[Start of Attachment]

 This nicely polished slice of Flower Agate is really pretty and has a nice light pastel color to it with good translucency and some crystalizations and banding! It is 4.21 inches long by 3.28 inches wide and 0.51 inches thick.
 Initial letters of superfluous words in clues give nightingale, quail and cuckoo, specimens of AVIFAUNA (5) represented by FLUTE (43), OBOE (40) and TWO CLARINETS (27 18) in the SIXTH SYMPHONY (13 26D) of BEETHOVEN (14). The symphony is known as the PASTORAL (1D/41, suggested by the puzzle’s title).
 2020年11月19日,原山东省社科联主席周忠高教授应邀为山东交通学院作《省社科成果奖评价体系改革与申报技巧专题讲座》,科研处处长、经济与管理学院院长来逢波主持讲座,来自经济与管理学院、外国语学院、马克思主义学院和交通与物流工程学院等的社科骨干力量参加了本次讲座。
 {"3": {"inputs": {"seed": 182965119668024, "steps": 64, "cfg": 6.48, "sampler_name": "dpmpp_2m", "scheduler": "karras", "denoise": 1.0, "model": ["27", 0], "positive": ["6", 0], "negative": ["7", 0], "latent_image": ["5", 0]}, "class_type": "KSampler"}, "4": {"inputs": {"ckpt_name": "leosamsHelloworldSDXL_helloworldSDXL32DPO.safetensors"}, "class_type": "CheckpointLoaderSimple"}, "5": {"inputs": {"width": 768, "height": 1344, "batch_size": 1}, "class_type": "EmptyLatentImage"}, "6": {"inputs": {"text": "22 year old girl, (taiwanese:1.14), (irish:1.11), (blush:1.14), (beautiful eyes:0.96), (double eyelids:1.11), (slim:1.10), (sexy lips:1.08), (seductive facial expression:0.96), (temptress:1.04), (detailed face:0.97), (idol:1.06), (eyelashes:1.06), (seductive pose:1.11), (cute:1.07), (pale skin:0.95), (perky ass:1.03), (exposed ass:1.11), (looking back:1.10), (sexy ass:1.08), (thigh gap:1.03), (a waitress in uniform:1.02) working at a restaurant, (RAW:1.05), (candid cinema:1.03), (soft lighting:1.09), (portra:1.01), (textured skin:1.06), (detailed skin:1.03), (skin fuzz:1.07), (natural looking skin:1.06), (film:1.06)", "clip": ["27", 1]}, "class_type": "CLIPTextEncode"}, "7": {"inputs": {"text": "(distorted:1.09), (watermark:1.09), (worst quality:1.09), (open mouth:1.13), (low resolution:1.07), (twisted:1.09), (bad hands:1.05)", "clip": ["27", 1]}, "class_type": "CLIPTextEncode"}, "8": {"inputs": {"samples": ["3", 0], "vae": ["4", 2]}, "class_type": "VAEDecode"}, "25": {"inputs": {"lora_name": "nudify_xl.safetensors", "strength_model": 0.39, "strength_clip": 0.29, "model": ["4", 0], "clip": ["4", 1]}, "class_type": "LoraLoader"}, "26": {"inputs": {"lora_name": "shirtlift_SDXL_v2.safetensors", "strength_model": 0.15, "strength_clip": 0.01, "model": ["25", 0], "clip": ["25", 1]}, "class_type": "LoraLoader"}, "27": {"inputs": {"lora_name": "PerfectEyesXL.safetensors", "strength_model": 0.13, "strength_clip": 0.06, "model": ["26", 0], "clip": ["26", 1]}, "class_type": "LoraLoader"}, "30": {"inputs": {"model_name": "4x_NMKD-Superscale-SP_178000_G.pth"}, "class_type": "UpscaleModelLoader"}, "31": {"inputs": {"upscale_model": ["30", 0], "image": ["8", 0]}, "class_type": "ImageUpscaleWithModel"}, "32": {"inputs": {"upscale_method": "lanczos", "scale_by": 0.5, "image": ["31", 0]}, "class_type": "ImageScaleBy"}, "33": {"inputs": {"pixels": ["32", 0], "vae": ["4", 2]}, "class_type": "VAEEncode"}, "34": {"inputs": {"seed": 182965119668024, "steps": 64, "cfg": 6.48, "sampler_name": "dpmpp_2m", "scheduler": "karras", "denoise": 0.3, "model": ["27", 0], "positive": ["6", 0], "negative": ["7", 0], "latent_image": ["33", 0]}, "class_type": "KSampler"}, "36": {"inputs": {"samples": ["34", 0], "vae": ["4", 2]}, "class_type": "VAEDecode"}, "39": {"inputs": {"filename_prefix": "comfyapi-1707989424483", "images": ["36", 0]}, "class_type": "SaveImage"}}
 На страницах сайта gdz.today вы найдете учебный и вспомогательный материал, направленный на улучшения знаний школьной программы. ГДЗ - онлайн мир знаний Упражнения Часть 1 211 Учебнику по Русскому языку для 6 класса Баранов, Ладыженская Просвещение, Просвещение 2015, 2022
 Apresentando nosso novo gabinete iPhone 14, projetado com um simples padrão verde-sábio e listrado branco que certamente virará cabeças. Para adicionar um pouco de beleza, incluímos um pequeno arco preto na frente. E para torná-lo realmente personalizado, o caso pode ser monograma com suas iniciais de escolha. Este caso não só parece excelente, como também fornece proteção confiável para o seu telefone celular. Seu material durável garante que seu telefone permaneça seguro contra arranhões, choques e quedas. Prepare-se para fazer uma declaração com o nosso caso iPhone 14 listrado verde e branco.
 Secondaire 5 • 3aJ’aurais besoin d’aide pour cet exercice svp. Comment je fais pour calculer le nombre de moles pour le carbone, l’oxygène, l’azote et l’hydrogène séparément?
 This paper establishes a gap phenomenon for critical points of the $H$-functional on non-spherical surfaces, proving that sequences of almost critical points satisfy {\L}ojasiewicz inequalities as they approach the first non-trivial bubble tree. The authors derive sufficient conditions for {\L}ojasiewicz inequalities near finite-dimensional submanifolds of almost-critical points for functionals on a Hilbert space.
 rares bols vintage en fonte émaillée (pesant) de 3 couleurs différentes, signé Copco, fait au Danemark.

[End of Attachment]

→ ACTIVITY: Look over the listing above. Pick out and copy every line that includes "This".

→ OUTPUT BELOW:
 This nicely polished slice of Flower Agate is really pretty and has a nice light pastel color to it with good translucency and some crystalizations and banding! It is 4.21 inches long by 3.28 inches wide and 0.51 inches thick.
 This paper establishes a gap phenomenon for critical points of the $H$-functional on non-spherical surfaces, proving that sequences of almost critical points satisfy {\L}ojasiewicz inequalities as they approach the first non-trivial bubble tree. The authors derive sufficient conditions for {\L}ojasiewicz inequalities near finite-dimensional submanifolds of almost-critical points for functionals on a Hilbert space.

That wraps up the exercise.